LAMP Stack: Run a web server on Debian Etch Print E-mail
Written by Administrator   
Monday, 23 July 2007 11:25
Setting up a LAMP stack on Debian is "wicked easy". In this tutorial I dispense with the usual blah, blah, blah and get right to the meat. Also, we'll be setting up ssl so we'll have encryption, and we'll be using different rules for the way our port 80 virtual server works as well as port 443. Maintaining to tradition of tutorials here at "debtoots" I do bounce around a bit forcing you to read the whole tutorial first (I'm cool like that). You could have a web server running in as little as 15 minutes, and most of that is typing time or downloading time. Check this for a simple local web server.

WARNING:

As a commenter has pointed out, this tutorial leaves a little up to you to figure out. If you have zero knowledge then you might want to seek assistance elsewhere. I will be writing a more detailed tutorial very soon that will endeavor to explain more about DNS and I'll add more on security.

We'll be doing everything form the command line in this tutorial because it's so quick and easy this way. If you need to install Etch first, go ahead, I'll wait the 10 minutes. Keep it simple, don't install anything but the base system. Don't forget to have your /etc/apt/sources.list repos all set. I like to add the mod-security repo to my sources.list file...because I use it. You should, too. Add the following repository to your list:
deb http://etc.inittab.org/~agi/debian/libapache-mod-security/etch ./ (don't worry about the key warning)

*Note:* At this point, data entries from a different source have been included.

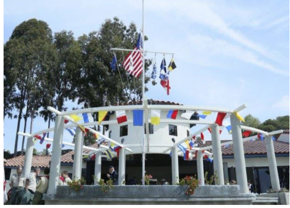
LMVYC Opening Day March 17th

Our club officially starts our season on March 17<sup>th</sup> with our opening day festivities and regatta. This year's regatta will not be part of the club championship series so members will have more time to enjoy the event. This is also Saint Patrick's Day and I'm sure that there may be some green beer to be found somewhere.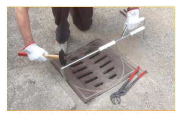
The beaks can also be used in the operations of scraping the frame of the lid.

Ideal for opening and repositioning manhole covers and grids of medium / small weight. The double flat beak with it's hardened steel tip can be inserted in the contact slots, resistant and strong tool.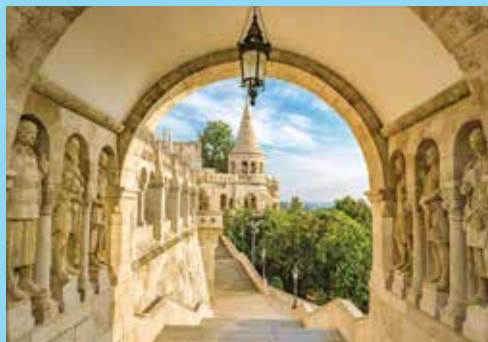
Enjoy your visit to the Fisherman's Bastion.

Visit the Romanesque, 14 th -century Cathedral of St. Martin and the elaborate Primatial Palace; see St. Michael's Gate, Bratislava's oldest preserved medieval fortification, originally built in 1300. This evening, enjoy a delightful performance of classical music on board the ship.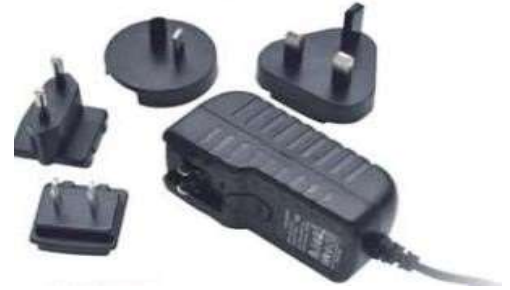
*Product images are for illustrative purposes only and may vary from actual design.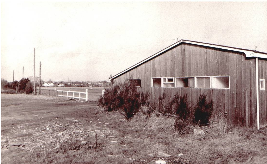
Clubhouse 1 Phase 2 extension completed

My web server doubles as an NFS server as well and is pretty bare. No audio, no nvidia setup, no desktop. Just a plain server box serving stuff up on my LAN. Let's begin.

Everyone should be at the root terminal right now...You are either working on your server box directly or you are ssh'd in.

#apt-get update

I like to install all the LAMP components in a certain order. First up: MySQL

#apt-get install mysql-server mysql-client libmysqlclient15-dev

Immediately following the MySQL install you need to set a password.

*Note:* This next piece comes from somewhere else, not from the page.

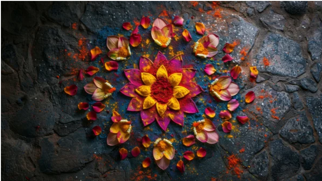
Image: Flower mandala formed petal by petal, color by color, not to last, but to mark a moment of presence.

Upcoming Themes: Love, grounding, awakening, balance, healing, forgiveness, soul connection, adaptation, compassion, curiosity, flow state, intuition, resilience, authenticity, mysticism, unity, devotion ... and so much more.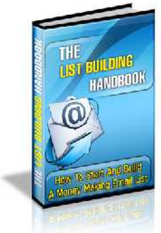
The List Building Handbook

Over 300 powerful tips, tricks and tactics from A-Z to help you build an Internet Empire!

#mysqladmin -u root password <PASSWORD>

Next up comes Apache2

#apt-get install apache2 apache2-doc apache2-mpm-prefork apache2-utils libexpat1 ssl-cert

See how easy? Finally we install php5

#apt-get install libapache2-mod-php5 php5 php5-common php5-curl php5-dev php5-gd php5-idn php-pear php5-imagick php5-mcrypt php5-mysql php5-ps php5-pspell php5-recode php5-xsl

Now, there are all kinds of crazy things that you can install to make php do marvelous things. The above list is pretty complete, but if you know that you need something else, have at it.

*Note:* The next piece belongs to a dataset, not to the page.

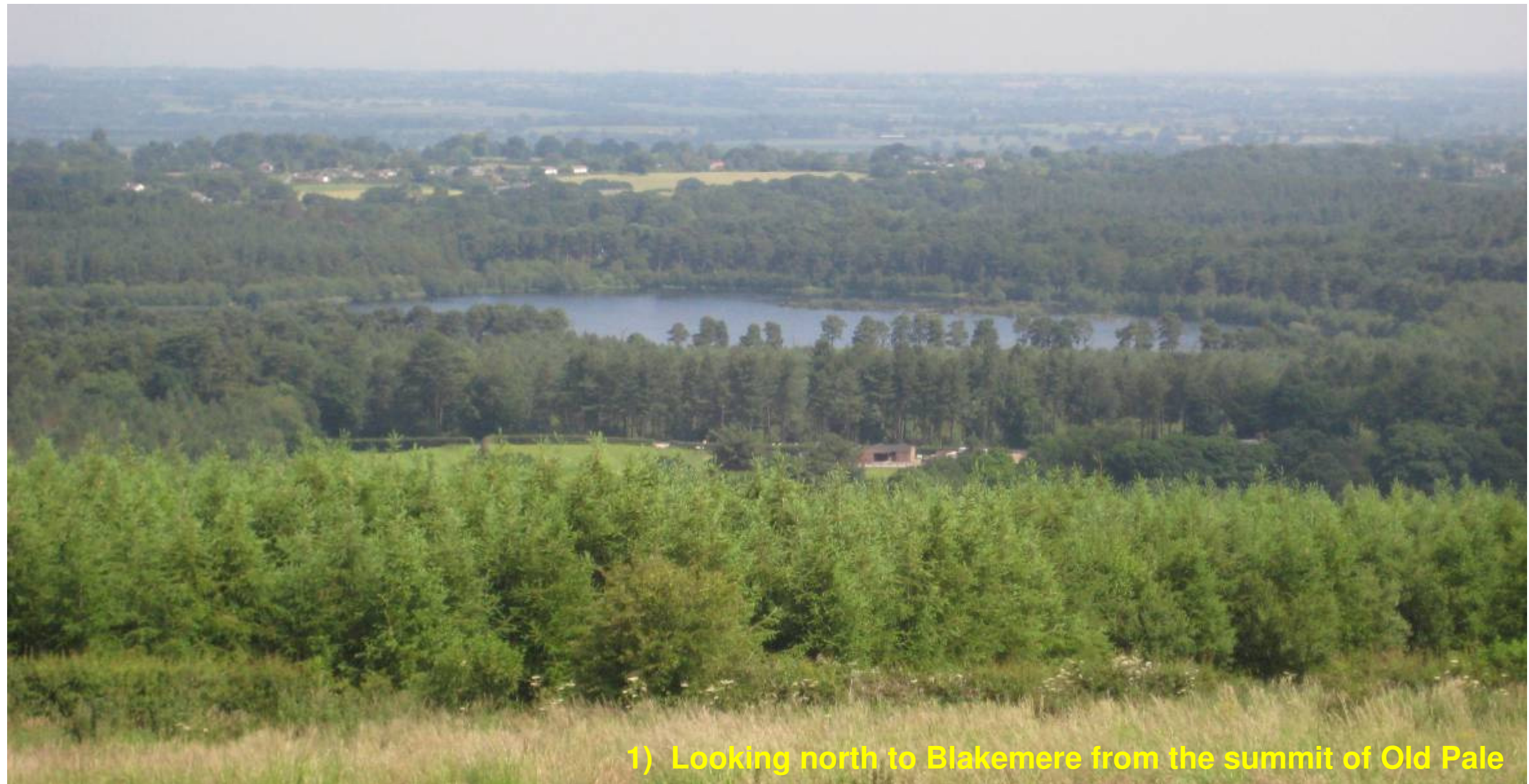
1) Looking north to Blakemere from the summit of Old Pale

You now what? While we're at it, how 'bout we go ahead and install phpmyadmin as well. It does make things easier -- although I get a certain sense of "that's cool" when running MySQL from the command line. All 3 things that I know -- LOL.

#apt-get install phpmyadmin

I like to install a couple more things as well.

#apt-get install munin munin-node webalizer apachetop

Munin has nothing to do with Apache per say, it monitors the machine. Feel free to install your favorites, they are probably in Debian repos anyway.

After we've got everything installed (which was cake, wasn't it?) we can now start configuring the components. MySQL is all set as is. However if you know that you need to mod my.cnf then go ahead. Like, for allowing MySQL to listen on all addresses. What I do first is allow php to work with MySQL.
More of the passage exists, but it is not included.